Rostherne Route: Chapel Lane – Booth Bank – A556 – Rostherne Mere – Tatton Dale – Mere Farm – Bucklow Hill Distance: 7 miles Start: The Swan pub The Walk Leave the pub car park, cross the busy A556, and proceed past Bucklow Garage down Chapel Lane.

You soon pass the United Reformed Church and continue until, after passing a small wood, you turn right at a signpost, down a grassy track.

Then keep ahead to the road.

Turn left past a still pond and Rushford Cottage and left again at the next cottage, over a stile hidden by hawthorn.

Then go diagonally right down to the valley floor, where you cross two stiles before turning right to pass a wishing well in the next small field.

An attractive stile takes you to a farm track, which you cross, then bear left to another stile into a field.

Walk alongside a barbed wire fence, picking your way through bramble patches to a further stile, which takes you into a field.

The stone for Rostherne Church came from the quarry here, and its sand was of great value for road building.

Bonny Prince Charlie is also reputed to have been turned back in this pretty valley.

Continue up the hill for a little way, then go left over a stile into a meadow.

Keep along the hillside here, parallel with the stream, until you reach a stile which takes you into Millington Lane.

Turn left to Reddy Lane, named when sandstone grit, from the quarry, fell off the carts and was reddened by rain.

Go right along here, and right again up a track beside Booth Bank Farm.

Continue up a path it until you go through a large gap in the hedge, and turn left along the field’s side to a stile.

Turn right here, and cross two stiles as you pass Hope Cottage.

Then keep ahead over a field, going through a facing gate and then over a stile on your right.

After this, crossing a further field, and walking alongside the hedge of another, will take you back to Millington Lane.

Turn left here to the A556.

Bear left at the footpath which runs alongside a wood and cuts off a bend.

On your return to the road turn left to cross Rostherne Brook, as it gushes rapidly out of a wood and then courses more gently through meadowland to the mere.

At the church’s entrance turn left again to walk up through a lychgate.

St Mary’s church, its tower housing six heavy bells, stands above the national nature reserve and bird sanctuary of Rostherne Mere – the largest natural lake in Cheshire and more than 100 feet deep.

After admiring the view, carry on up through the churchyard (dotted with tombs of the Egerton family of Tatton Park) and out through the top gate.

You experience the village’s rare and unspoilt charm as you continue past the old schoolhouse to the road, which you cross and walk ahead towards Bucklow Hill.

Turn left down a track at the end of the first field.

Keep down the side of the field here, then go through the kissing gate and make for the far corner of the wood over to your left, after which you cross over into the next field and follow a clear path between crops to Home Farm.

Turn right at the road here and walk past, first the farm then an old cottage before you turn right into the field.

Carry straight on towards aptly-named Mere Farm.

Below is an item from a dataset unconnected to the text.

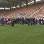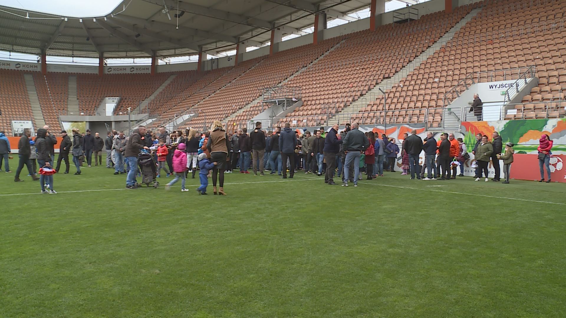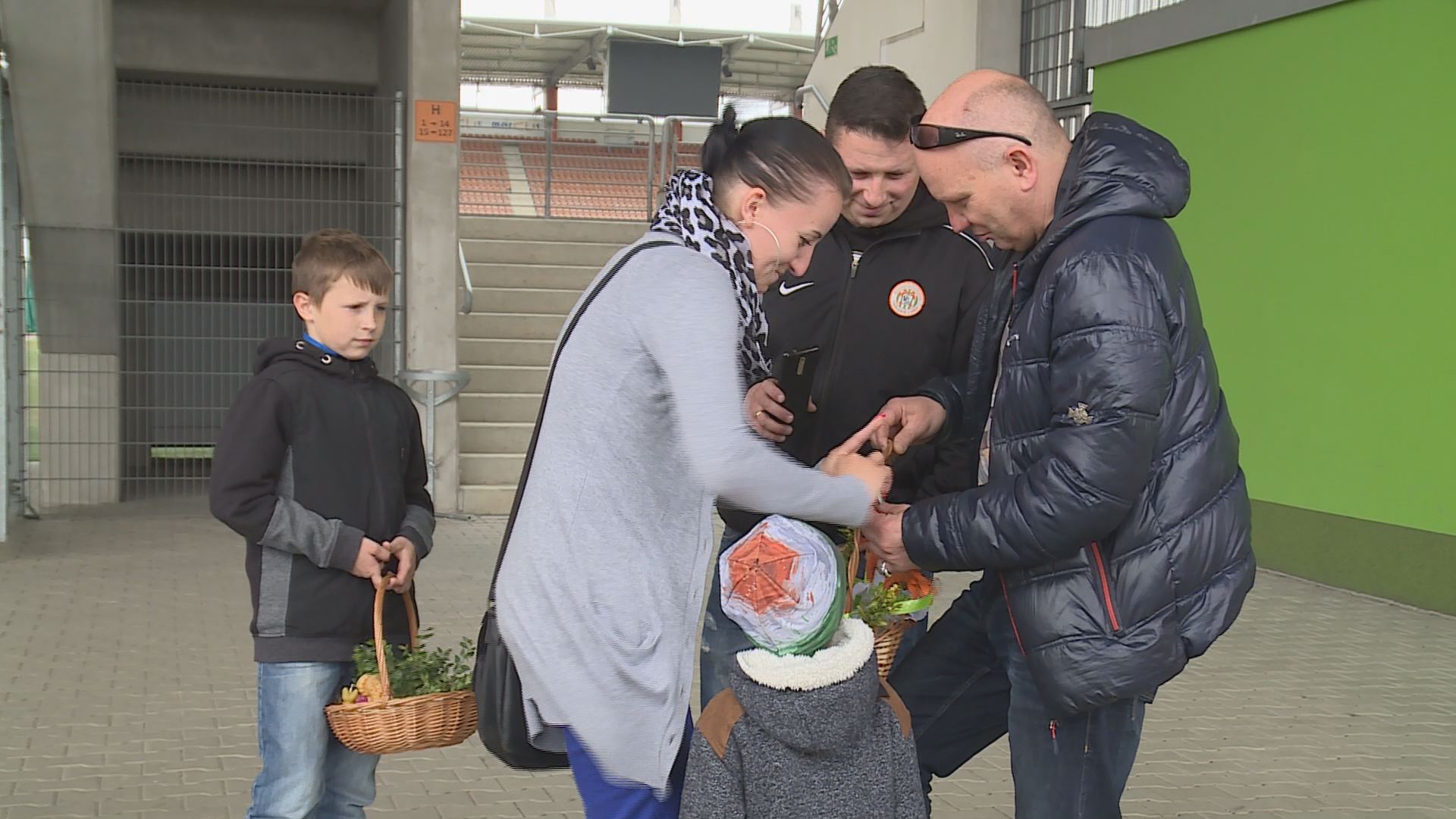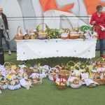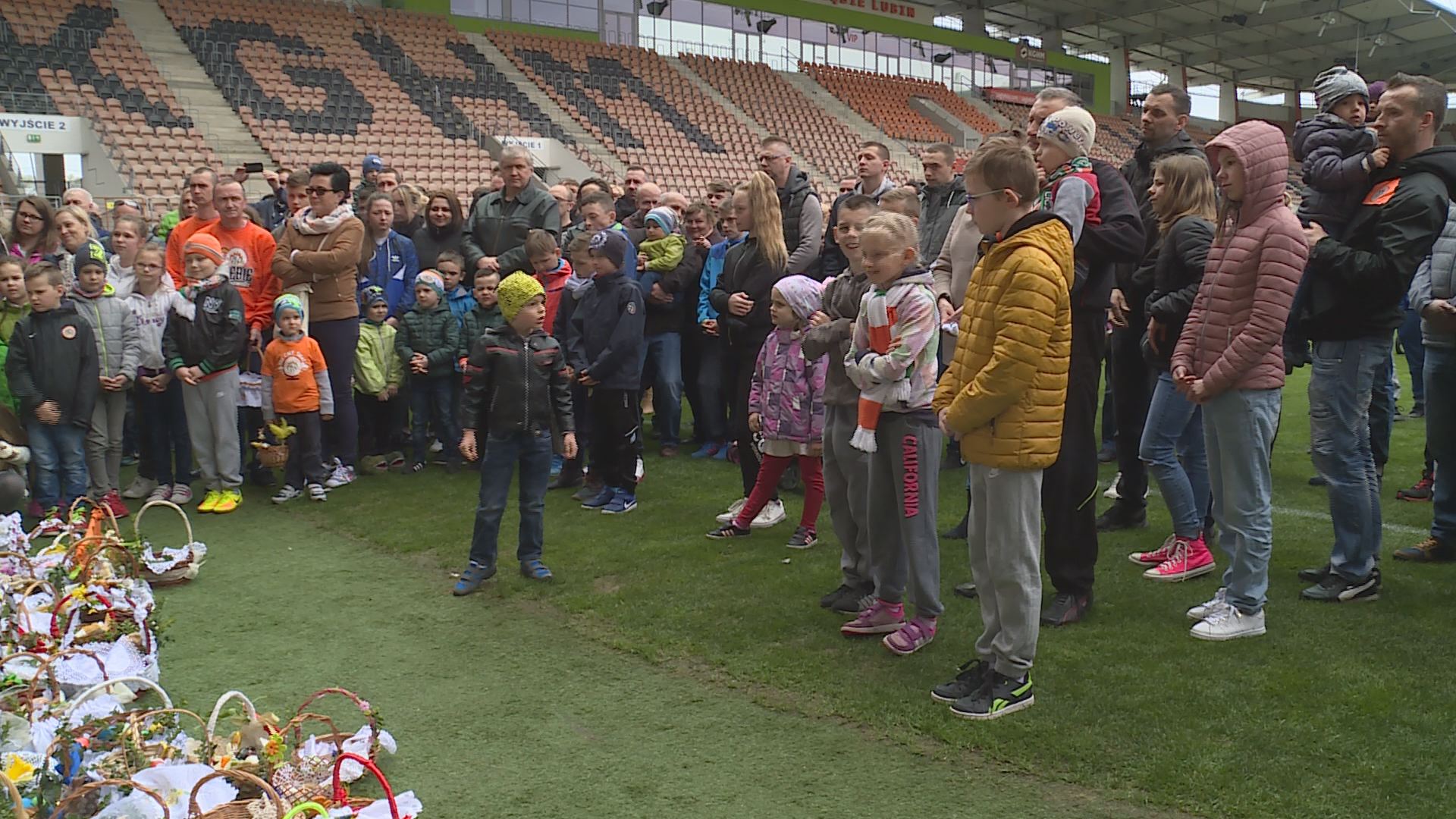 Tradycyjne święcenie pokarmów na płycie stadionu KGHM Zagłębia Lubin obyło się w tym roku po raz pierwszy. Pierwszy, ale z pewnością nie ostatni, bo wydarzenie przypadło mieszkańcom do gustu. Całymi rodzinami, mimo niesprzyjającej pogody, z barwnie przystrojonymi koszyczkami, licznie przybyli na tę niecodzienną uroczystość. Członkowie „miedziowej” rodziny mieli okazję pobyć razem, złożyć sobie życzenia i oczywiście poświęcić pokarmy. Ceremonię poprowadził ksiądz Remigiusz Tobera, kapelan klubu Zagłębia.

Cross over the stream and follow the ‘rabbit track’ over the next field, with Mere Farm on your left.

Then go through the gate onto the farm road, turning right along a pretty, hidden valley, an attractive waterfall cascading from its rocky lip.

The footpath leads off to the left before the depot, and you go over the stile and over the stream.

Then climb out of the valley and cross planks beside the gate into the next field.

Follow orange bands on posts that lead over this field, before negotiating the stile into the next, and dropping down to the mere.

You then finish the walk by turning left along the winding country lane back to The Swan.